With ratings for 13 networks boasting live coverage of the debate now in, the event has surpassed 84 million viewers. That doesn’t even yet include the likely record-breaking showing among streamers. Regardless, it would put it ahead of the 1980 debate between Jimmy Carter and Ronald Reagan. That set the bar at 80 million viewers.
Adjusted broadcast numbers have the 90-minute showdown easily topping all recent debate coverage. With Nielsen’s Fast National ratings, the Big Four broadcast networks’ coverage pulled a total 49.1 million viewers ahead of time zone adjustments. That’s almost 25 percent increase from the same numbers in 2012. Among the individual networks, NBC currently leads with 18.2 million of those viewers, followed by ABC (13.5 million), CBS (12.1 million) and Fox (5.5 million).
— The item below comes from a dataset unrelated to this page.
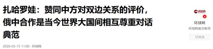 扎哈罗娃:赞同中方对双边关系的评价,俄中合作是现辞寰球大国间互相尊重对话典范——2026-03-15 11:06·民众网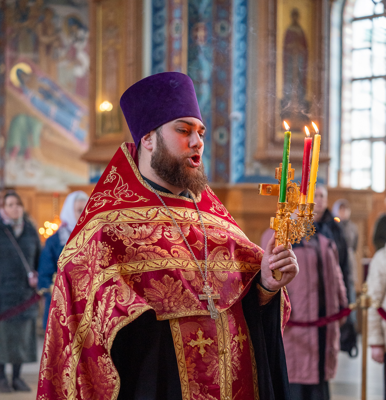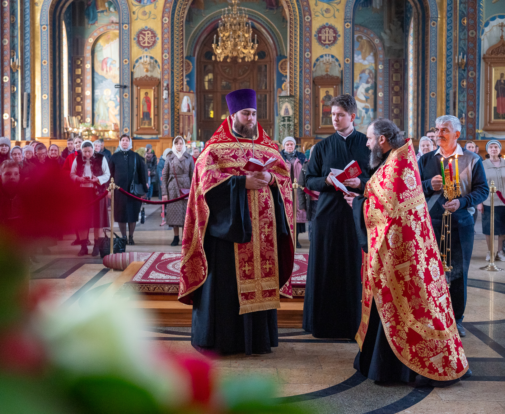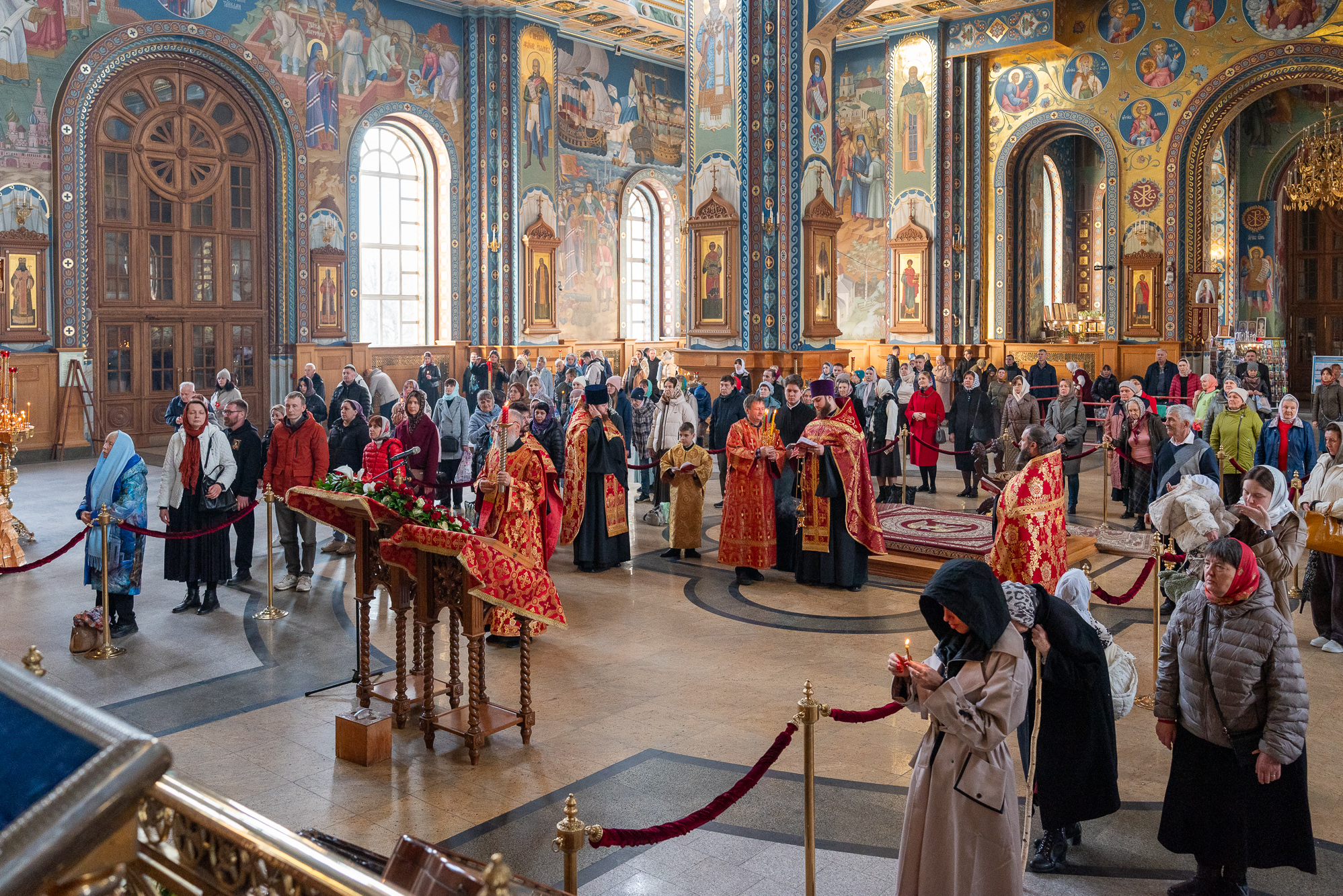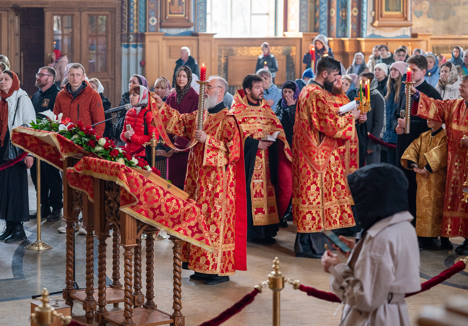 13 апреля 2026 года, вечером в понедельник Светлой седмицы в Благовещенском кафедральном соборе было совершено уставное богослужение –Пасхальные вечерня и утреня.

PBS drew 3 million viewers. Univision (2.5 million) and Telemundo (1.8 million) add another 4.3 million viewers.
On the big three cable networks alone, Fox News Channel, CNN and MSNBC, the debate added another 26.2 million viewers. All marked increases from 2012. FNC led the trio with 11.4 million viewers, while CNN closely following with 9.9 million and MSNBC rounded out at 4.9 million. (Fox Business Network added 673,000 viewers, while CNBC pulled 520,00.)
The first presidential debate of 2012, between President Barack Obama and Mitt Romney, grossed 67.2 million viewers across a multitude of networks.
Overnight ratings among Nielsen’s metered markets have the Big Four networks pulling a total 31.2 rating among households. (The 2016 Super Bowl, which is the only real comparison for the year, pulled an early 49 rating for CBS and ultimately brought in more than 100 million viewers.) As overnight ratings go, that’s also more than double last week’s Sunday Night Football score. It nabbed a 13.7 rating, which ultimately translated to 22.8 million viewers. Ahead of tallies from the main trio of cable news networks and the multitude of broadcasters carrying the commercial-free stream, this puts the debate on track to smash that 2012 total and very likely approach an all-time high.
Prognosticators, politicos and pundits spent much of the last week guessing how many would watch the Clinton-Trump debate. But the event stood to break a record even if it fell short of the Super Bowl size numbers that had been floated around. Digital audiences will likely account for a significant sum of viewers once all is said and done. A plethora of outlets streamed the event for free — PBS, YouTube, Twitter and Facebook among them.
In non-debate ratings, the increased focus on Monday night was good news for entertainment programming at 8 p.m. Though steady episodes of The Voice and The Big Bang Theory topped the hour with a respective 3.3 and 3.5 rating among adults 18-49, both steady with last week’s premieres, it was Dancing With the Stars that got a boost. The ABC show was improved 20 percent to a 1.8 rating among adults 18-49. Both Gotham (1.2 adults) on Fox and Kevin Can Wait (2.7 adults) on CBS were also steady with last week.